Nel 2023 le 82 aziende analizzate hanno generato un fatturato aggregato di 11,7 miliardi di euro (+0,6% sul 2022), impiegando oltre 50mila addetti. I segmenti più forti sono quelli Mountain attitude (29%), distributivo generalista (26,2%) e cycling (11,2%).

Sfide e strategie per il futuro

Per il 2025 si prevede una crescita del 3%, ma lo scenario resta incerto. Le principali preoccupazioni per le imprese sono l’instabilità geopolitica (72,7%) e la pressione sui prezzi (63,6%). Solo il 9,1% teme la concorrenza sulla qualità, segno della forte specializzazione e del valore aggiunto della produzione italiana.

La risposta delle aziende? Investimenti in tecnologia, nuovi prodotti e una crescente attenzione all’innovazione sostenibile.

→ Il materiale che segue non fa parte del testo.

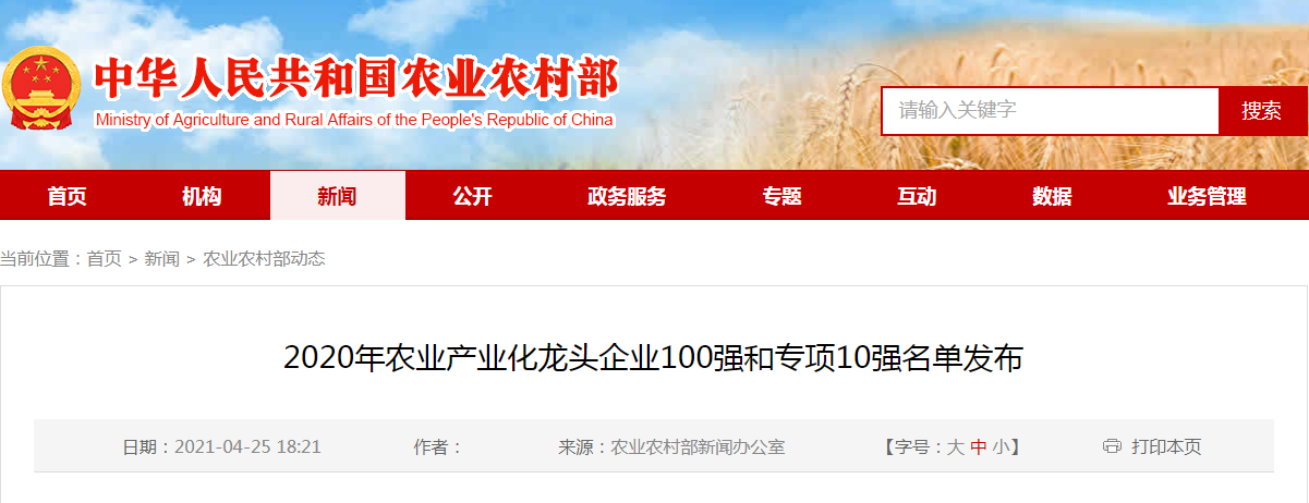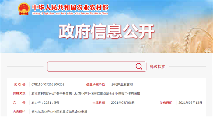 農(nóng)業(yè)農(nóng)村部辦公廳關(guān)于開展第七批農(nóng)業(yè)產(chǎn)業(yè)化國家重點(diǎn)龍頭企業(yè)申報(bào)工作的通知各省、自治區(qū)、直轄市農(nóng)業(yè)農(nóng)村(農(nóng)牧)廳(局、委),新疆生產(chǎn)建設(shè)兵團(tuán)農(nóng)業(yè)農(nóng)村局:為貫徹落實(shí)中......

Ben il 72,7% sviluppa articoli a basso impatto ambientale, e il 66,7% lavora già su obiettivi di riduzione delle emissioni.

Chi guida il mercato

Tra i leader di fatturato svetta HTI-High Technology Industries (€1,49 miliardi), seguita da Decathlon Italia e Technogym. Ma è Favero Electronics, con un margine operativo del 43,8%, a brillare per redditività.

Un’eccellenza globale proiettata all’estero

Il 63,6% del fatturato proviene dai mercati internazionali, soprattutto Europa (41%) e Stati Uniti (15%). Più debole la presenza in Asia, ma le aziende puntano su nearshoring e friendshoring per stabilizzare la produzione.

Sport e salute: un’urgenza nazionale

Sul fronte interno, lo sport è sempre più riconosciuto come fattore di benessere collettivo. Non a caso, dal 2023 è stato inserito nella Costituzione come diritto fondamentale. Tuttavia, l’80,3% degli italiani è ancora sedentario, con gravi ricadute sanitarie ed economiche: 1,3 miliardi di euro l’anno di costi aggiuntivi previsti fino al 2050.

Una filiera in crescita e in trasformazione

Il comparto Sport&Outdoor si conferma uno dei più resilienti a livello globale, con un giro d’affari mondiale che nel 2025 supererà i 363 miliardi di euro. L’Italia, grazie al suo mix di artigianalità, innovazione e visione green, ha tutte le carte in regola per continuare a giocare un ruolo da protagonista.